LAST week, Uber unveiled the prototype for a drone-like flying taxi at the Elevate Summit, a conference aimed at government officials, academics and entrepreneurs in the on-demand aviation sector.

The tech firm has created a number of prototype designs for on-demand aircraft in the past, and worked with NASA to design “electric vertical take-off and landing” vehicles.

The current prototype has a range of up to 60 miles (100 kilometres), will fly at an altitude of about 2,000 feet (610 metres) and travel at speeds of up to 250 miles (402 kilometres) per hour.

Above: Uber's latest proposal for an on-demand taxi aircraft is a cross between a helicopter and a drone (image courtesy of Uber).

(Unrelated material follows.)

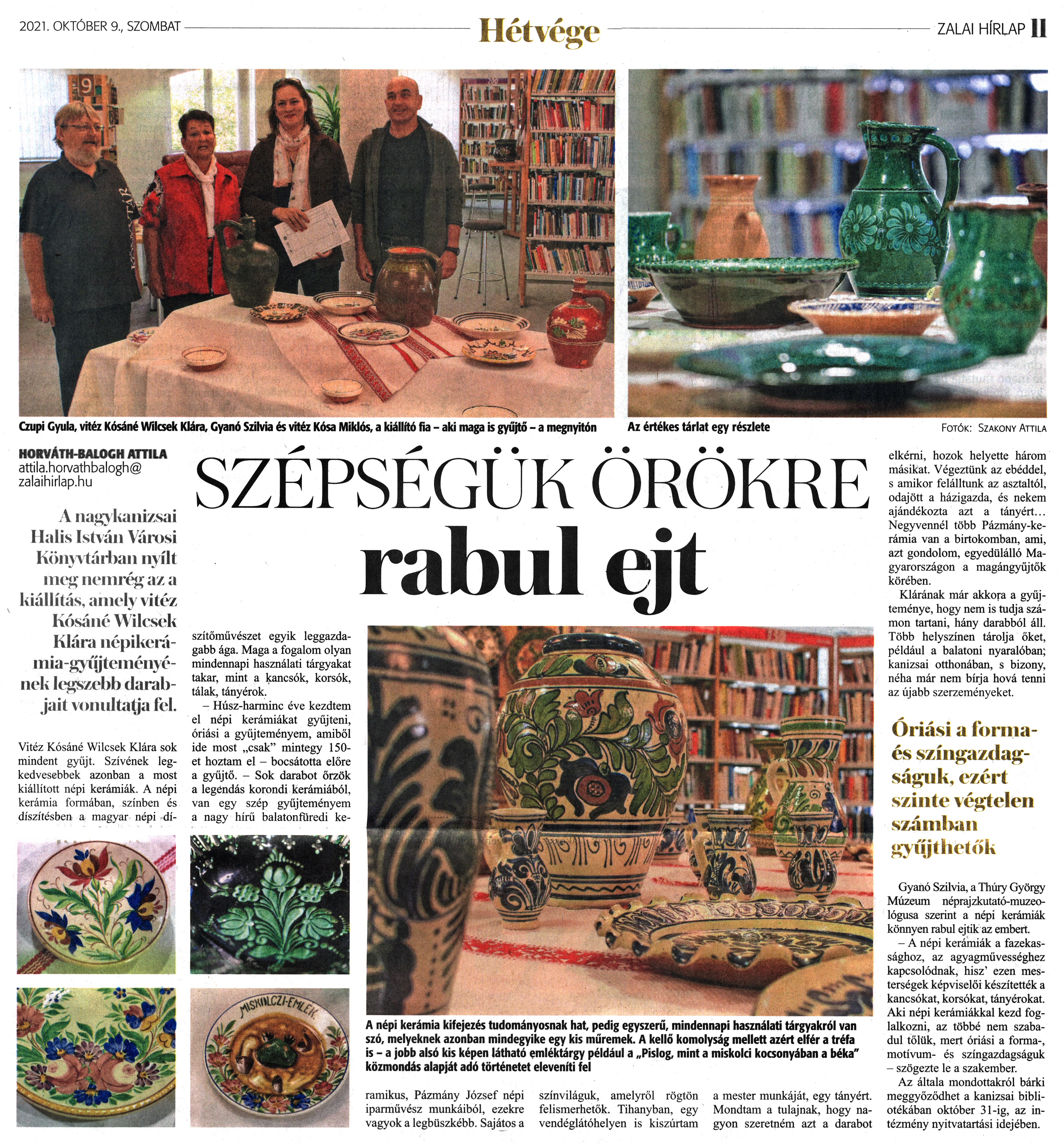 Nyilvános 1569 | 2252 | Zalai Hírlap 2021. október 9. 235. szám 11. oldal | SZÉPSÉGÜK ÖRÖKRE rabul ejt HORVÁTH-BALOGH ATTILA attila.horvathbalogh@zalaihirlap.hu A nagykanizsai Halis István Városi Könyvtárban nyílt meg nemrég az a kiállítás, amely vitéz Kósáné Wilcsek Klára népikerámia-gyűjteményének legszebb darabjait vonultatja lel. Vitéz Kósáné Wilcsek Klára sok mindent gyűjt. Szívének legkedvesebbek azonban a most kiállított népi kerámiák. A népi kerámia formában, színben és díszítésben a magyar népi díszítőművészet egyik leggazdagabb ága. Maga a fogalom olyan mindennapi használati tárgyakat takar, mint a kancsók, korsók, tálak, tányérok. - Húsz-harminc éve kezdtem el népi kerámiákat gyűjteni, óriási a gyűjteményem, amiből ide most „csak" mintegy 150-et hoztam el - bocsátotta előre a gyűjtő. - Sok darabot őrzök a legéndás korondi kerámiából, van egy szép gyűjteményem a nagy hírű balatonfüredi keramikus, Pázmány József népi iparművész munkáiból, ezekre vagyok a legbüszkébb. Sajátos a színviláguk, amelyről rögtön felismerhetők. Tihanyban, egy vendéglátóhelyen is kiszúrtam a mester munkáját, egy tányért. Mondtam a tulajnak, hogy nagyon szeretném azt a darabot elkérni, hozok helyette három másikat. Végeztünk az ebéddel, s amikor felálltunk az asztaltól, odajött a házigazda, és nekem ajándékozta azt a tányért... Negyvennél több Pázmány-kerámia van a birtokomban, ami, azt gondolom, egyedülálló Magyarországon a magángyűjtők körében. Klárának már akkora a gyűjteménye, hogy nem is tudja számon tartani, hány darabból áll. Több helyszínen tárolja őket, például a balatoni nyaralóban; kanizsai otthonában, s bizony, néha már nem bírja hová tenni az újabb szerzeményeket. Gyanó Szilvia, a Thúry György Múzeum néprajzkutató-muzeológusa szerint a népi kerámiák könnyen rabul ejtik az embert. - A népi kerámiák a fazekassághoz, az agyagművességhez kapcsolódnak, hisz'' ezen mesterségek képviselői készítették a kancsókat, korsókat, tányérokat. Aki népi kerámiákkal kezd foglalkozni, az többé nem szabadul tőlük, mert óriási a forma-, motívum- és színgazdagságuk - szögezte le a szakember. Az általa mondottakról bárki meggyőződhet a kanizsai bibliotékában október 31-ig, az intézmény nyitvatartási idejében. A népi kerámia kifejezés tudományosnak hat, pedig egyszerű, mindennapi használati tárgyakról van szó, melyeknek azonban mindegyike egy kis műremek. A kellő komolyság mellett azért elfér a tréfa is - a jobb alsó kis képen látható emléktárgy például a „Pislog, mint a miskolci kocsonyában a béka" közmondás alapját adó történetet eleveníti fel Az értékes tárlat egy részlete Czupi Gyula, vitéz Kósáné Wilcsek Klára, Gyanó Szilvia és vitéz Kósa Miklós, a kiállító fia - aki maga is gyűjtő - a megnyitón Fotók: Szakony Attila |

The latest prototype - which can accommodate four passengers - should be ready to undergo testing in Los Angeles by 2020 before entering full commercial service by 2023.

Above: Cabin of an earlier prototype for "UberAIR" developed by Bell (image courtesy of Uber).

Dallas has also been selected for a trial of so-called “UberAIR” - while the company is also currently looking for an international city to run a similar trial.

In keeping with Uber’s current strategy, the firm will not own, manufacture or operate any aircraft. Instead it will rely on partnerships with companies like Embraer, Bell, Aurora Flight Sciences and others to build and maintain the fleet.

Above: A rendering of an air taxi at a "Skyport"(image courtesy of Uber).

An integral part of Uber’s vision are the so-called “Skyports”, and several proposals have been developed by leading architects and engineers.

These 3-acre facilities - built near sport stadiums, concert halls, train stations and other key areas - are to be used for pick up and drop off-points, as well as charging points for the drones.

Above: "Skyports" are compact facilities that will serve as pick-up and drop off points for UberAIR services (image courtesy of Uber).